UK: fear or opportunity?
DOWN SIDE: BREXIT POSER HITS MARKETS
Just because the country’s stocks look cheap does not mean it’s a free-for-all. Moneyweb
One of Warren Buffett’s most famous investment sayings is “Be fearful when others are greedy. Be greedy when others are fearful.” If this sentiment is true, then one would assume the UK is offering a smorgasbord of investment opportunities.
The pound is hovering at its lowest level in 10 years with the exception of 2016/2017 when the implications of the Brexit vote started to trickle through.
At the same time the FTSE 100, a good barometer of market sentiment, has fallen sharply from its May 2018 highs.
Driving the negative sentiment is the ongoing political paralysis over Brexit and the possibility of a no-deal scenario that could yet cause challenges for the UK as well as European and world economies. Investors, already spooked by US and China trade tensions, have responded by selling out of sterling and the FTSE.
Yet the UK economy continues to tick along, albeit not at the speed of the US economy. It grew at 1.3% in 2018, and the European Commission predicts 1.2% growth for the coming year.
While the journey to the March 29 deadline for Brexit negotiations will continue to be a thrill ride no UK citizen anticipated, global investors are watching events with interest.
Fantasy
“We have a larger exposure to the UK market than many of our peers, but I would not say that we have taken a massive bet,” says Douw Steenekamp, portfolio manager, global equities at Denker Capital. “The Brexit negotiations will be crucial. Politicians are playing high stakes poker. A nation’s biggest trading partners are those that are closest to it. This fantasy that they can replace the EU with Japan, Australia or even SA is just crazy.
“If the UK plunges out of the EU it will not be good news in the short term; if they tear up Article 50 and remain part of the EU, the market and currency will rebound; and the middle road – an extension of the deadline to May – will just prolong the mess.”
As a result of the uncertainty, some stocks have been derated to the point that they are looking attractive.

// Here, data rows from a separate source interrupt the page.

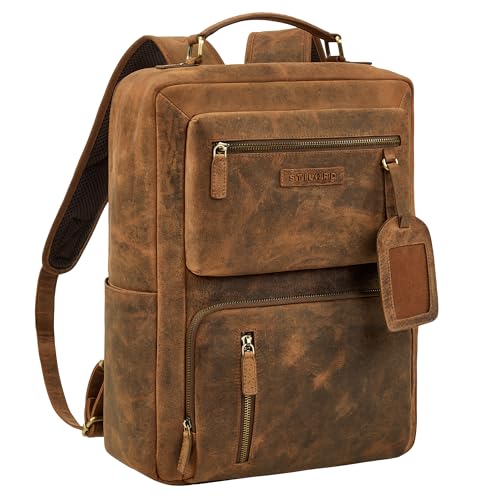 STILORD 'Alejandro' Sac à Dos Ordinateur Portable 15,6 Pouces en Cuir - Grand Sac d'Affaires et de Voyage - Backpack Antivol pour Cabine, Couleur:bourbon -marron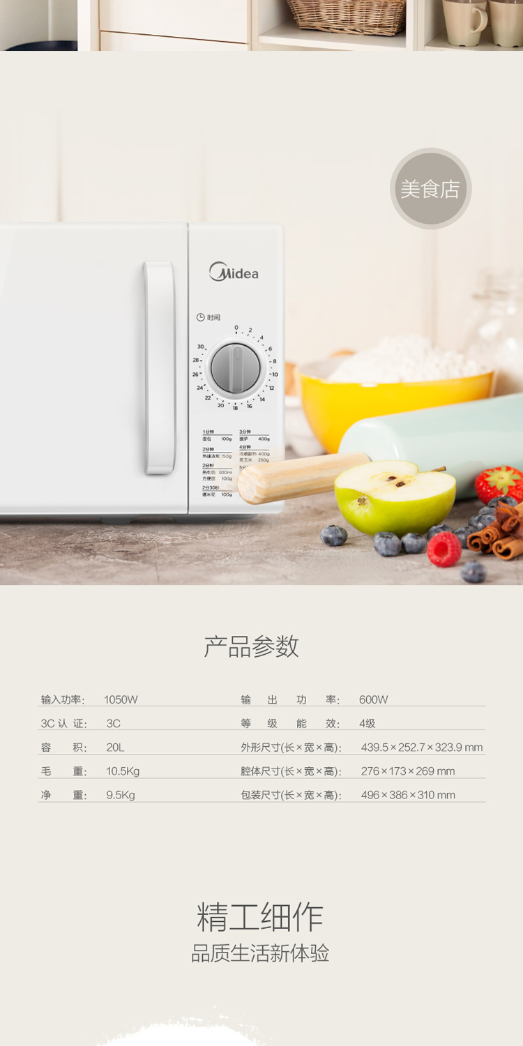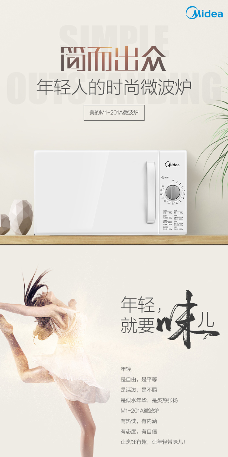 商品名稱(chēng):美的/Midea 微波爐 21L家用微波爐蒸箱烤箱 白色 M1-M100
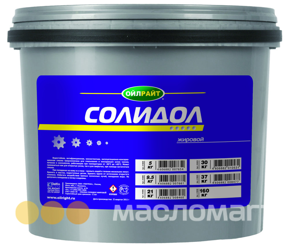 Солидол жировой. Водостойкая консистентная эксплуатационно-консервационная смазка. Температурный интервал применения: от -30°C до +65°C.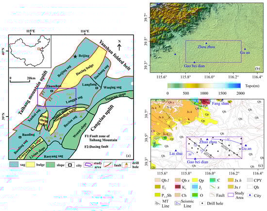 Background of the study area. (a) Structural background of the Jizhong Depression (modified from []). (b) DEM of the study area. (c) Geological map of the study area. (The geological map is sourced from the China Geological Survey, Geological Cloud Platform, Basic Geological Database.)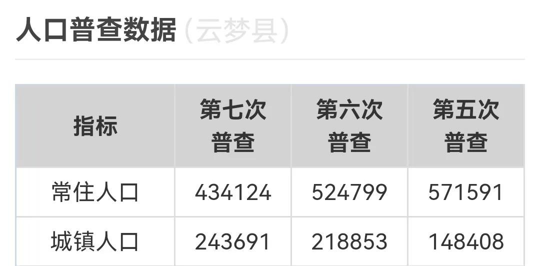根据2020年全国第七次人口普查统计结果,云梦县常住人口434124人,其中:城镇常住人口243691人。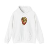 This soft, mid-weight hoodie carries a quiet confidence. A hand-drawn lion emblem sits inside a warm gold ring on the chest, edged with subtle scripted text — an emblem that feels like a personal crest. The fleece-lined fabric moves with you, holds heat without bulk, and the roomy kangaroo pocket and adjustable hood make it a go-to layer for crisp mornings, late-night walks, or studio sessions. Wear it to anchor a minimalist outfit or to layer under a coat when the temperature drops. It reads like a familiar companion: sturdy, thoughtfully detailed, and made to travel with you.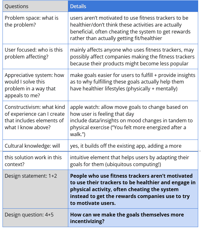 We explored how fitness trackers influence behavior and motivation. The process included: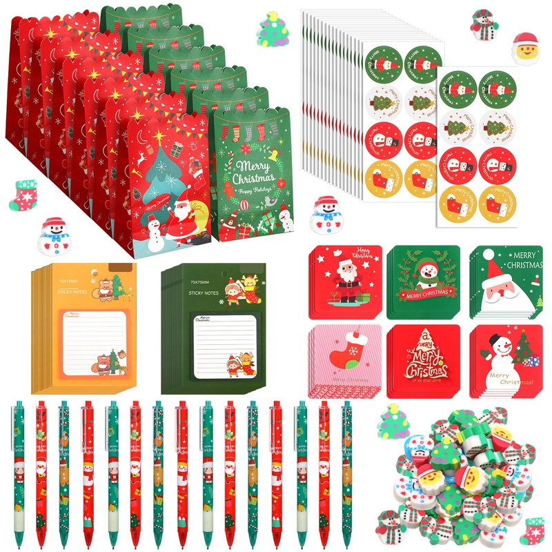 Yeaqee 144 Pcs Christmas Party Favor Bulk Pack Includes Christmas Ballpoint Pens Erasers Sticky Notes Gift Bags Cards and Stickers for Gift Exchange Prizes

“If one looks at the broader market on a price-to-book basis, it has been this cheap less than 10% of the time over the last 20 years,” says Nic Norman-Smith, CIO at Lentus Asset Management. “And every time it has been this cheap, the market has followed with solid returns over the next five-year period, historically by between 5% and 10% per annum.
‘You need to dig deep’
Zain Wilson, a portfolio manager at Old Mutual MacroSolutions, adds that while the market looks cheap it is not a wholesale buying opportunity. “Often, when assets are cheap they are cheap for a reason. There are opportunities in the UK, but you need to dig deep to find them.”

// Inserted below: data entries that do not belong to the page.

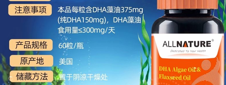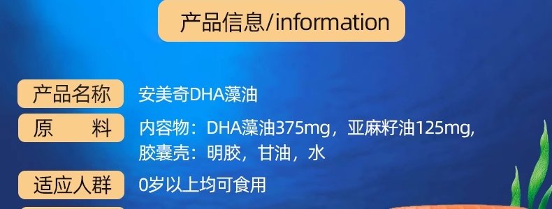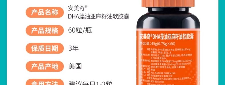 商品名称:美国 安美奇 原装进口 DHA藻油亚麻籽油软胶 60片/瓶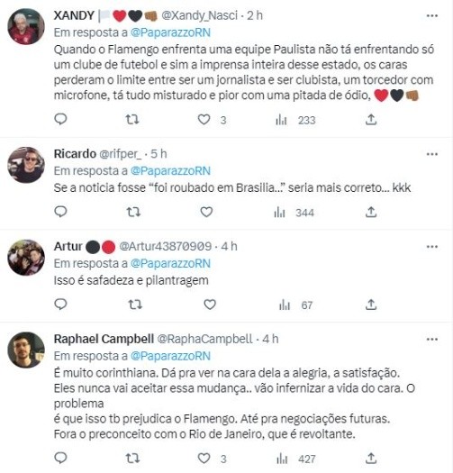 A informação foi vista por muitos como preconceituosa, pois crava um folclore batido e ultrapassado sobre a rivalidade Rio-SP: “Sério, como que podem ser tão levianos de plantar esse tipo de informação para embasar uma narrativa?! Depreciar a cidade do RJ, aparentemente de forma mentirosa, para sustentar esse discurso clubista?!”, escreveu outro Rubro-Negro.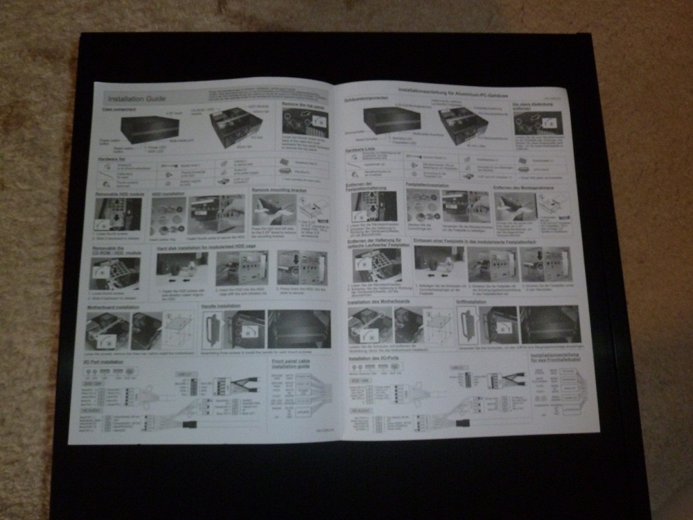 Die Bilder dürften soweit selbsterklärend sein. Beim zweiten Bild ist ein Zettel zu sehen, der eine Produktmatrix von Lian Li zeigt.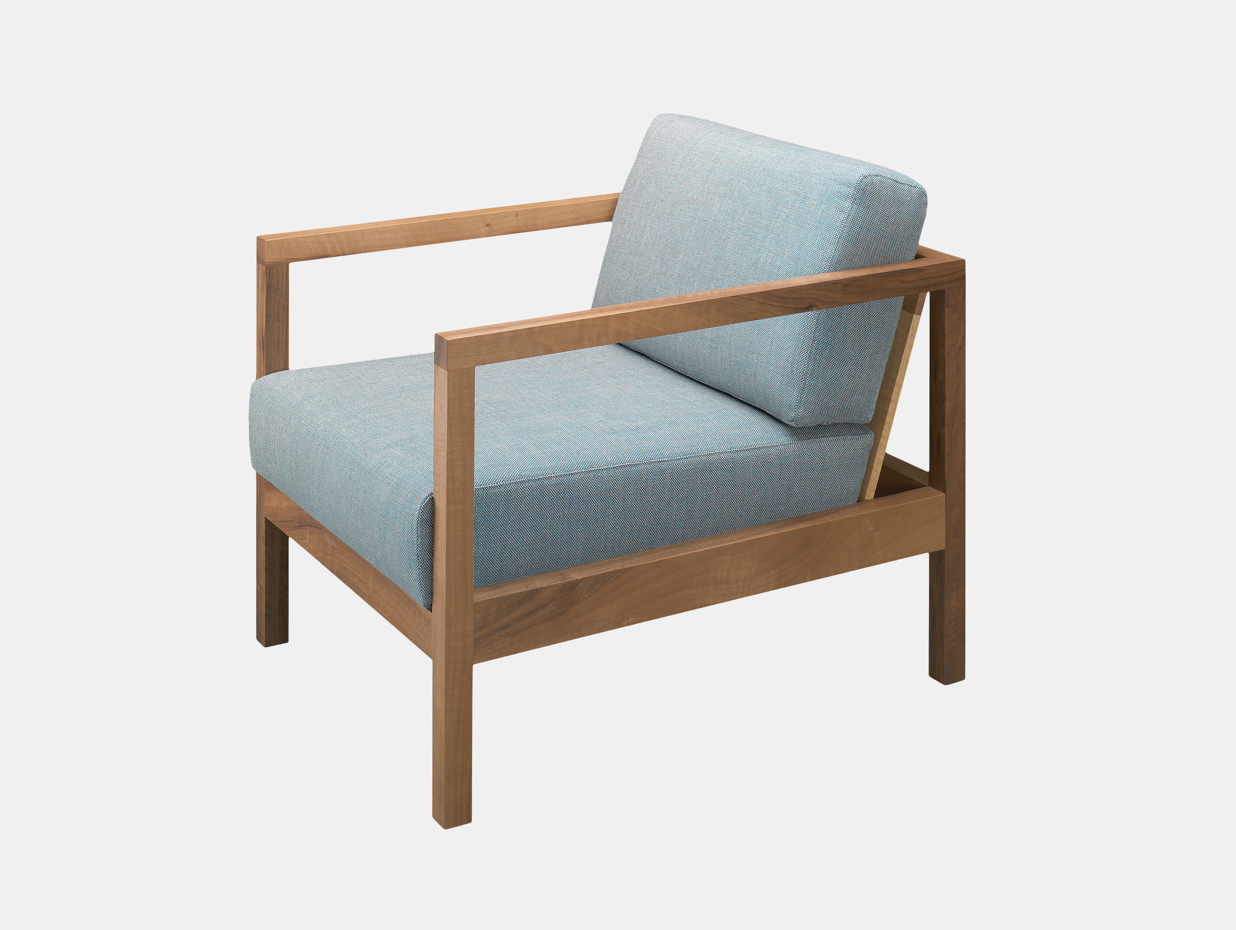 Offered in European Oak or Walnut, this low chair features a gently slanted slatted back and generous open armrests.

Like the JSE Top 40, the FTSE 100 is not an accurate reflection of the UK economy. Many of the large-cap stocks listed in the UK are global companies that are not that exposed to the underlying UK economy. Unilever, for instance, generates 5% of global sales in the UK, BP even less.
The FTSE 250, home to more mid-cap and domestically focused stocks, is a better reflection of the UK market. It fell 25% between June and December last year, before rebounding slightly in January, compared to the FTSE 100, which fell 17% in the same period.